Irish ingredients, flavours and end products company Kerry shrugged off currency fluctuations and sluggish industry growth rates with interim results - broadly in-line with analysts' expectations - showing a rise in operating profits and growth across all leading brands.
Against the background of a sharp fall in the dollar, the group reported a 4.1 per cent rise in operating profit (EBITA) for the first six months of 2003 to €133m with operating margin (before goodwill and exceptionals) up from 7.1 per cent to 7.4 per cent.
The results reflect a like-for-like sales growth of 5.9 per cent compared with 5.0 per cent in the first half of 2002.
"Against a background of significant currency movement in the group's major markets, Kerry outperformed industry growth rates delivering a strong operational performance and good financial results," said Kerry group managing director,Hugh Friel.
Cost efficiencies gained from capital development programmes concluded in 2002 seem to have paid off for the company with performance across the group's European ingredients businesses, including coatings, up on the half-year level in 2002.
Two key factors are providing the Kerry business units with good growth opportunities. Firstly, exposure to fast growth sectors like ready meals and secondly, a heightened awareness of health and dietary issues that in turn provide a stimulus for ongoing innovation in the food ingredients, flavours and consumer foods industry.

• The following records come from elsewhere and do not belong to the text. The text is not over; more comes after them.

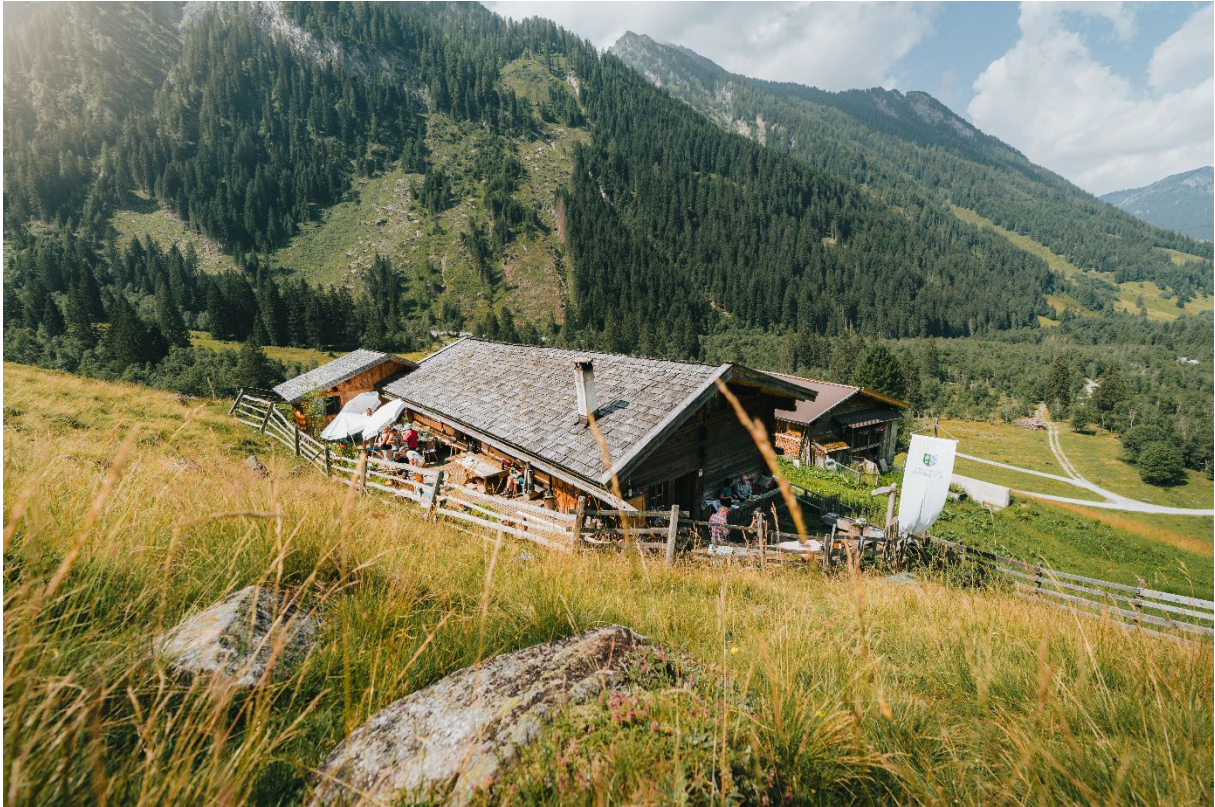
Helgas Alm im Valsertal – Zentrum der Schule der Alm – Das über 300 Jahre alte Gebäude dient als Kurs- und Begegnungsort für alle Veranstaltungen der Schule der Alm.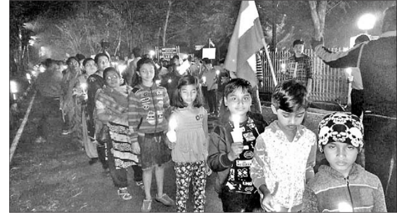
ଦୁକରାକନଗରରେ ଆୟୋଜିତ କ୍ୟାଣ୍ଡେଲ ଶୋଭାଯାତ୍ରାରେ ସାମିଲ ଶିଶୁ ଓ ମହିଳା ପୁରୁଷ।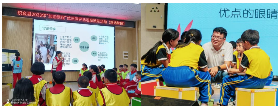
(优质课评选观摩展示活动现场)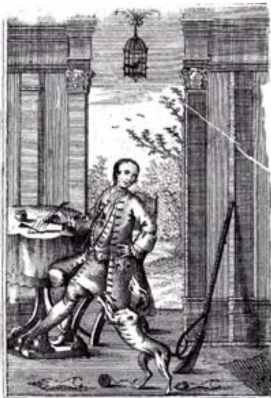
Il ritratto del roccolista al lavoro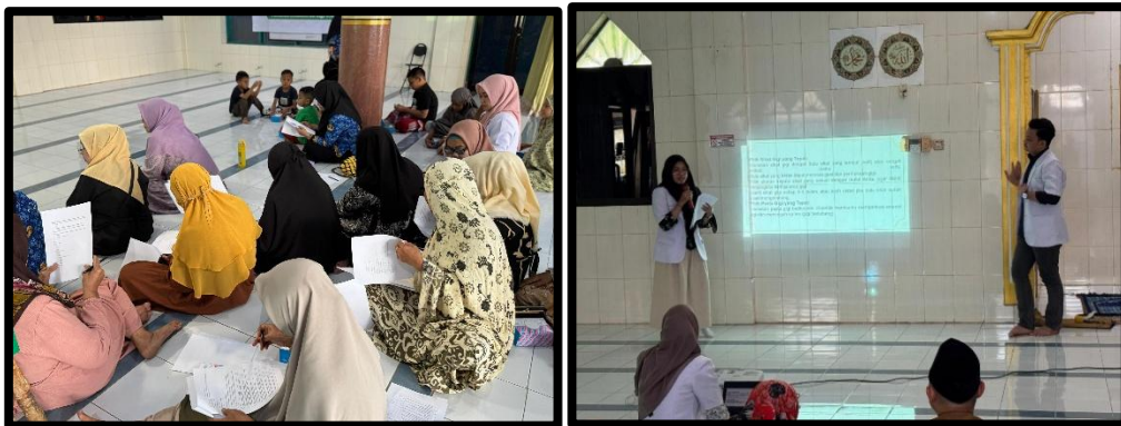
Gambar 1. Kegiatan Pembagian Kuesioner Responden, Edukasi, dan tanya jawab

Tahapan berikutnya berupa implementasi kegiatan pengabdian yang diawali dengan susunan acara pembukaan, meliputi pengantar oleh pemandu acara, pembacaan ayat suci Al-Qur'an, penyampaian sambutan dari Ketua Majelis Taklim, Wakil Dekan IV FKG-UMI, dosen pembimbing, serta penutupan rangkaian seremoni. Sesudah itu, kegiatan inti dimulai dengan pendistribusian kuesioner kepada masyarakat yang berpartisipasi. Langkah tersebut dilakukan untuk mengidentifikasi kontribusi ibu dalam upaya pemeliharaan kesehatan gigi anak. Kegiatan ini diikuti oleh sejumlah anggota Majelis Taklim dan memperoleh dukungan dari sekitar tiga orang dosen FKG-UMI beserta beberapa mahasiswa profesi klinik Fakultas Kedokteran Gigi Universitas Muslim Indonesia.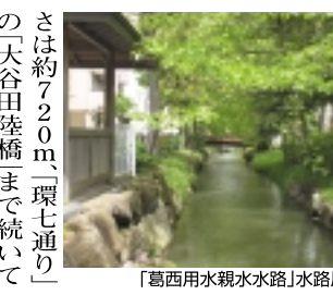
「葛西用水親水水路」水路風景

JR常磐線「亀有駅」北口を出ると「やあ、いらっしやい!」太い肩と大きな目玉「マンガ」こちら葛飾区亀有公園前派出所「お馴染みの「両さん」がお出迎え!その右前方に見えるのがモデルとなった交番でし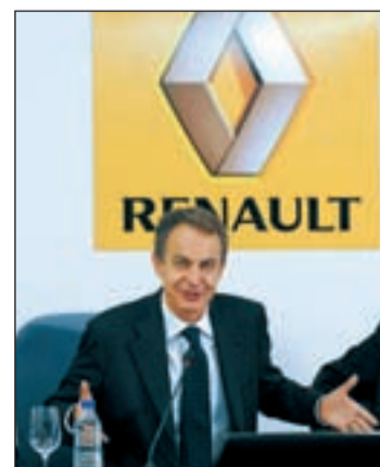
Zapatero en Renault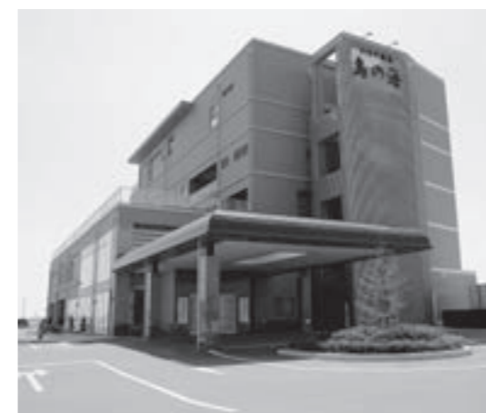
わたり温泉鳥の海

問 平成29年4月から「株式会社佐勘」を指定管理者とし、平成30年4月から宿泊やレストラン等を含め全館再開をした。そこで、9月末までの施設利用状況は。 町長 営業日数は175日で、入浴休憩者数の累計は6万4140名、1日平均369名で、累計金額は325万2千円です。宿泊者数の累計は2155名で、1日平均12名です。入浴者数には、宴会の休憩者数と宿泊者数は入っておりません。 問 議員等から、利用者数等に関し請求があった場合、開示してはどうか。 商工観光課長 定例会前の全員協議会で報告します。 再質問 誰でも条例に定めるところにより、請求することが出来るということが出来る。町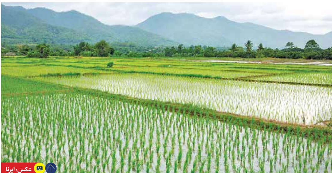
کشورهای کاشت بدون استفاده از آفت‌کش‌ها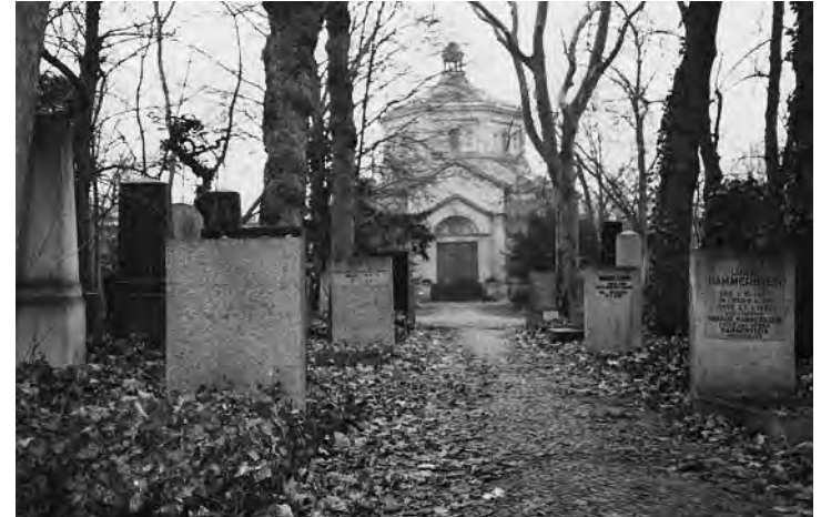
Von den Nazis in den Tod getrieben: Auf dem Jüdischen Friedhof in Berlin-Weißensee fand Theodor Wolff seine letzte Ruhestätte (vorne links).

Die autobiografischen Berichte über das Kaiserreich und die Weimarer Republik erschienen 1936 unter dem Titel »Der Marsch durch zwei Jahrzehnte« im Verlag Allert de Lange; im selben Jahr gab es eine englische und 1937 eine französische Übersetzung. An den publizistischen Fernkämpfen gegen den Nationalsozialismus beteiligte er sich prinzipiell nicht. Mit Erich Kästner teilte er die Meinung, ein Schneeball lasse sich aufhalten, nicht jedoch eine Lawine. In der Zeit der Demokratie und Freiheit hatte er seine politische und gesellschaftliche Aufgabe als politischer Mensch und Journalist gesehen. Ein autoritäres oder totalitäres Regime funktionierte nach Prinzipien, die sich auch auf die Presse verhängnisvoll auswirkten. In einer bislang unveröffentlichten Aufzeichnung aus dem Exil heißt es dazu: »In keinem autoritär geleiteten Lande kann die Presse handelnde Person sein, immer ist sie nur der begleitende Chor. Und auch nicht der antike Chor, der Chor des Ödipus, der nach freiem Ermessen lobsingend oder beschwörend seine Stimme erhob. Das gehört zu den Lebensnotwendigkeiten des Systems, der autoritäre Staat könnte nicht anders bestehen. Aber eine Abweichung vom ursprünglichen Prinzip ist es, wenn unter dem bolsche-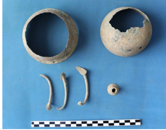
Fig. 18. İki Adet Bronz Kylix ve Parçaları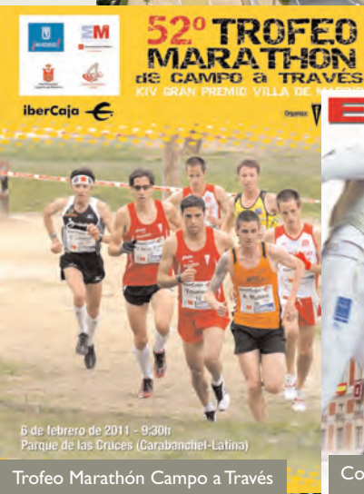
6 de febrero de 2011 - 9:30h Parque de las Cruces (Carabanchel-Latina)

Kerry reported that the division's performance in European food coatings markets significantly improved through benefits from supply chain improvement projects, increased production efficiencies and synergies across manufacturing facilities.
The UK-based EBI Foods business, acquired in late 2002, exceeded budgeted business targets for the period across added-value coatings markets in European, Middle Eastern and Far Eastern markets.
Raw material price increases were not fully recovered in product prices in the competitive coatings market and speciality ingredients though according to the company recovery here is 'ongoing' and should lead to an improved result by the year-end.
Divisionally the biggest variations were in the Americas and Asia Pacific. In the Americas, the result was lower than analysts had anticipated. Like for like growth has slowed to 3 per cent and was partly due to initial costs associated with setting up the international flavours division Mastertaste.
The company reported a strong set of results in Asia Pacific. Like-for-like sales rose 7.4 per cent from the first half of 2002 to €71.6m. Operating profits grew to €5.4m, reflecting a like-for-like increase of 34.8 per cent.
During the six month period to June 2003 the company spent €125m on three US acquisitions - ingredients company Guernsey Bel, seasonings manufacturer Pacific Seasonings and citrus flavours manufacturer SunPure.
By all accounts acquisitions will continue to form part of the future strategy for the Irish company, but they will have to be good strategic fits. Last year the Irish group decided against buying flavours company Haarman & Reimer - on sale for €1.66bn - concluding that it was not the perfect fit.
Shares for Kerry group showed a net change drop of 0.1 to €14.5 at 15:00 GMT on 2 September 2003.